Deeply impressed with the importance of extending the knowledge of heat and light, to which he had devoted himself with great assiduity and success, Count Rumford, in 1796, presented to the Royal Society £1,000, the interest of which was to be spent in striking two medals both in the same die, one of gold and one of silver, worth the interest of the donation for two years, and to be given biennially for the most important discovery or improvement relating to heat and light that should have been made during the preceding two years in any part of Europe. The trust was accepted and the medals designed. The first award was to Rumford himself in 1802. In 1804 John Leslie received the Rumford medals. The honor then passed, in 1806, to Murdock; in 1810 to Malus; in 1814 to Dr. Wells; in 1816 to Humphry Davy; in 1818 to David Brewster; in 1824 to Fresnel; in 1834 to Melloni; in 1838 to J. D. Forbes; in 1840 to Biot; in 1842 to Fox-Talbot; in 1846 to Faraday; in 1848 to Regnault; in 1850 to Arago; in 1852 to Stokes; in 1854 to Arnott; in 1856 to Pasteur; in 1858 to Jamin; in 1860 to Clerk Maxwell; in 1862 to Kirchhoff; in 1864 to Tyndall; in 1866 to Fizeau; in 1868 to Balfour Stewart.

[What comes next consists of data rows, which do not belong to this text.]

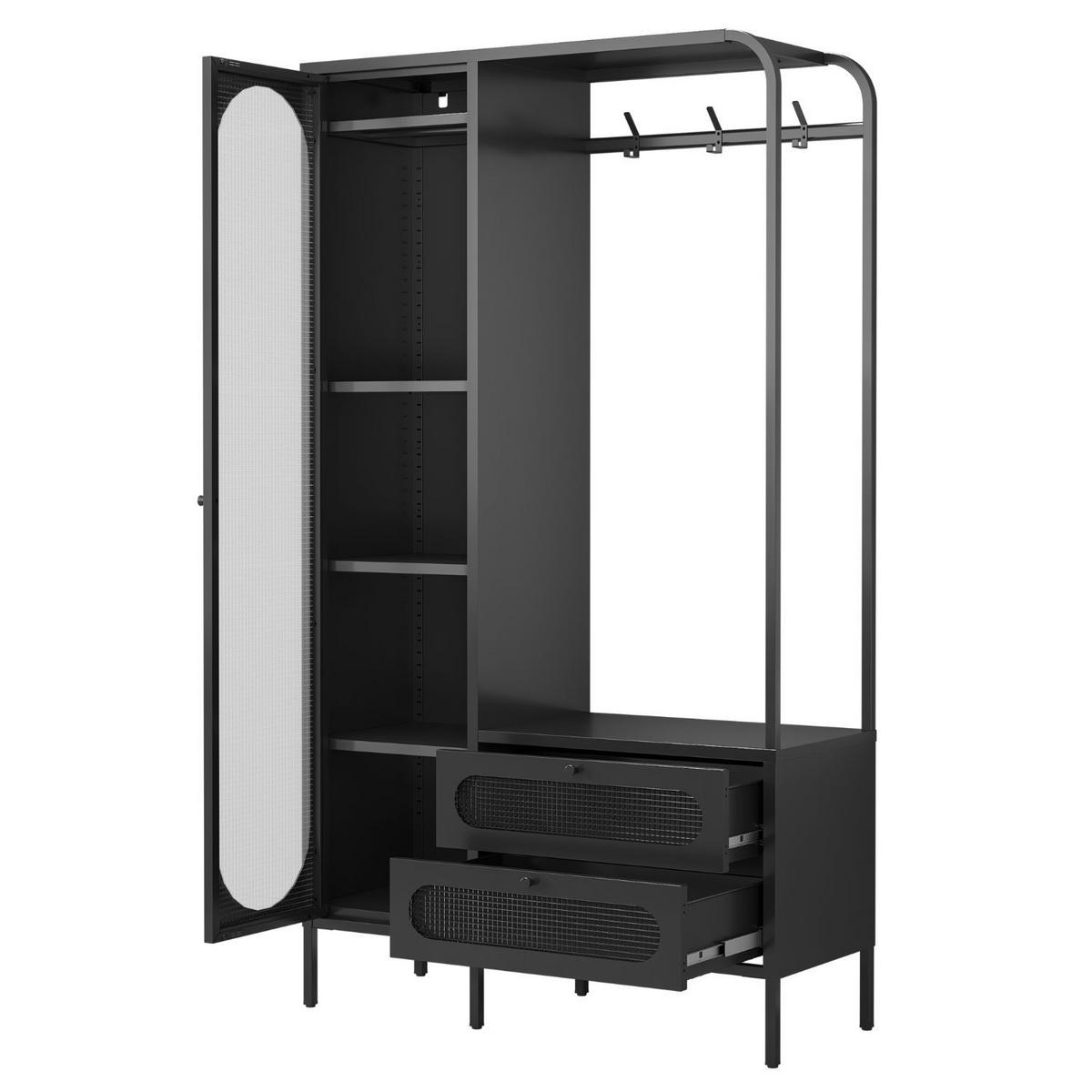 Die Mein-Regal Garderobe Paris ist der perfekte Mix aus Design und Alltagstauglichkeit. Mit ihrem klaren Look aus matt schwarzem Metall und der besonderen Riffelglastür bringt sie einen modernen, aber warmen Stil in dein Zuhause. Egal ob im Eingangsbereich, Schlafzimmer oder in der Ankleide – dieses Möbelstück passt sich mühelos an und sorgt sofort für eine aufgeräumte, elegante Atmosphäre. Zwei praktische Schubladen bieten Platz für alles, was du im Alltag schnell griffbereit haben möchtest – von Accessoires bis hin zu Papieren oder kleinen Dingen, die sonst gerne herumliegen. Hinter der Riffelglastür verbergen sich höhenverstellbare Regalböden, die du flexibel an deine Bedürfnisse anpassen kannst. Außerdem gibt es eine stabile Kleiderstange aus Metall und drei Haken, perfekt für Jacken, Taschen oder Hüte. Die verstellbaren Füße sorgen auch auf unebenen Böden für sicheren Stand, und die optionale Wandhalterung bietet zusätzliche Stabilität. Alles an dieser Garderobe ist auf Langlebigkeit und Stil ausgelegt – robust, modern und mit viel Liebe zum Detail gefertigt. Geliefert wird die Garderobe zerlegt zur Selbstmontage. Die beiliegende Anleitung ist klar und einfach gestaltet, sodass der Aufbau schnell gelingt. Schon nach kurzer Zeit steht dein neues Lieblingsmöbel – ein echter Hingucker, der Ordnung schafft und deinen Wohnraum aufwertet.
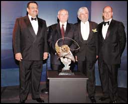 سلم صاحب السمو الملكي الامير خالد بن سلطان بن عبدالعزيز مساعد وزير الدفاع والطيران والمفتش العام للشؤون العسكرية ميخائيل غورباتشوف الرئيس السابق لما كان يعرف بالاتحاد السوفيتى الجائزة السنوية للمحافظةعلى البحار «حامي البحار» المقدمة من مؤسسة خالد بن سلطان للحفاظ على الحياة الفطرية في المحيطات.
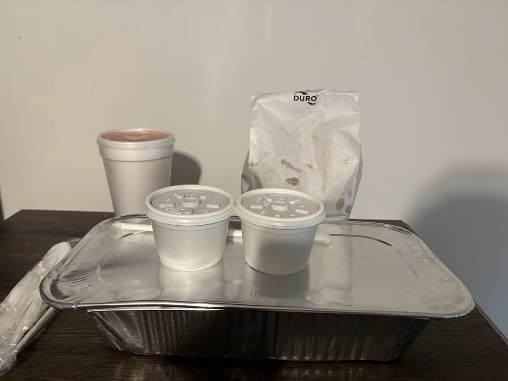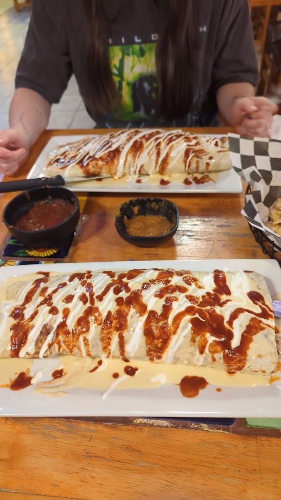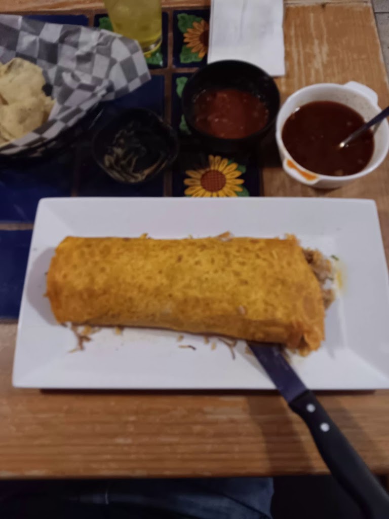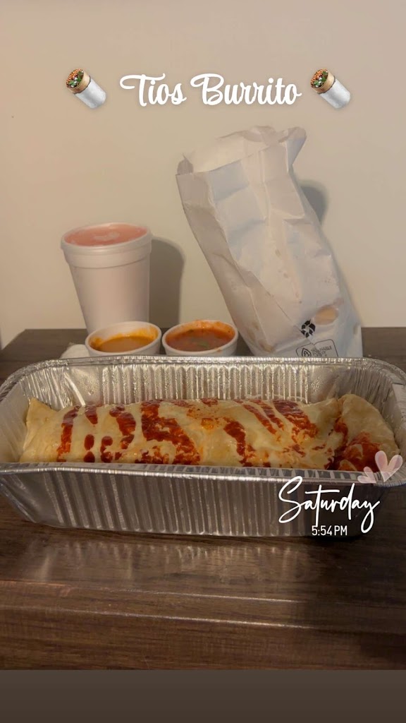 The Tios Burrito is huge, enough for a large family, it comes with baked tortilla chips and salsa and refried beans. I also got the strawberry lemonade. This is from door dash delivery, I ate there and they are nice.
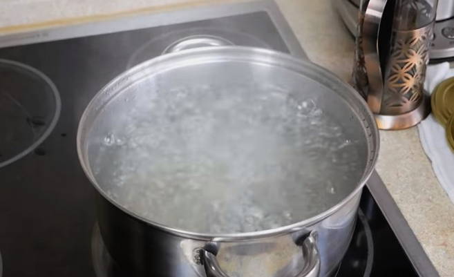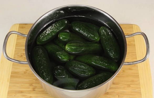 - Giet kokend water over de komkommers en laat 30 minuten staan, afgedekt met een deksel.

At the same time Count Rumford made a corresponding donation to the American Academy of Arts and Sciences, instituted in 1780. Five thousand dollars were presented, the accruing interest of which was to be invested in medals, and granted biennially by the academy for the most important discoveries in relation to heat or light made within the preceding two years. It was also provided that, if this term passed without any discovery or improvement being made that should be deemed worthy of the award, the accruing interest was to be added to the principal, and the augmented income thus arising was to be added to the medals when the next award was made. But the arrangement seemed to be a futile one, as there were none in America who troubled themselves to extend the knowledge of heat and light; or, at all events, there were no such extensions as in the opinion of the Academy were entitled to win the prizes. Years passed, and the money accumulated until the Academy became embarrassed by the question what to do with it. And so they got a law passed by the Legislature empowering them to depart from the strict letter of the endowment, and use the funds with more freedom in the interest of advancing knowledge. In 1839 the Academy gave from the interest of the Rumford fund the sum of $600 to Dr. Hare, of Philadelphia, in consideration of his invention of the compound blowpipe, and his improvement in galvanic apparatus. The Rumford medal was granted by the Academy, in 1862, to John B. Ericssen for his caloric-engine; in 1865 to Daniel Treadwell, for improvements in the management of heat; in 1867 to Alvan Clark, for improvement in the lens of the refracting telescope; and in 1870 to George H. Corliss, for improvements in the steam-engine. When the gift was made to Dr. Hare, the fund amounted to $27,000; and it has now grown to $42,000.

The biographer of Rumford makes the following significant observation: "It is remarkable that the count, after having liberally provided funds for medals in the award of two learned bodies, should a few years afterward, when drawing his plan and publishing his proposals for his own Royal Institution, have introduced into them an express prohibition of all premiums and rewards."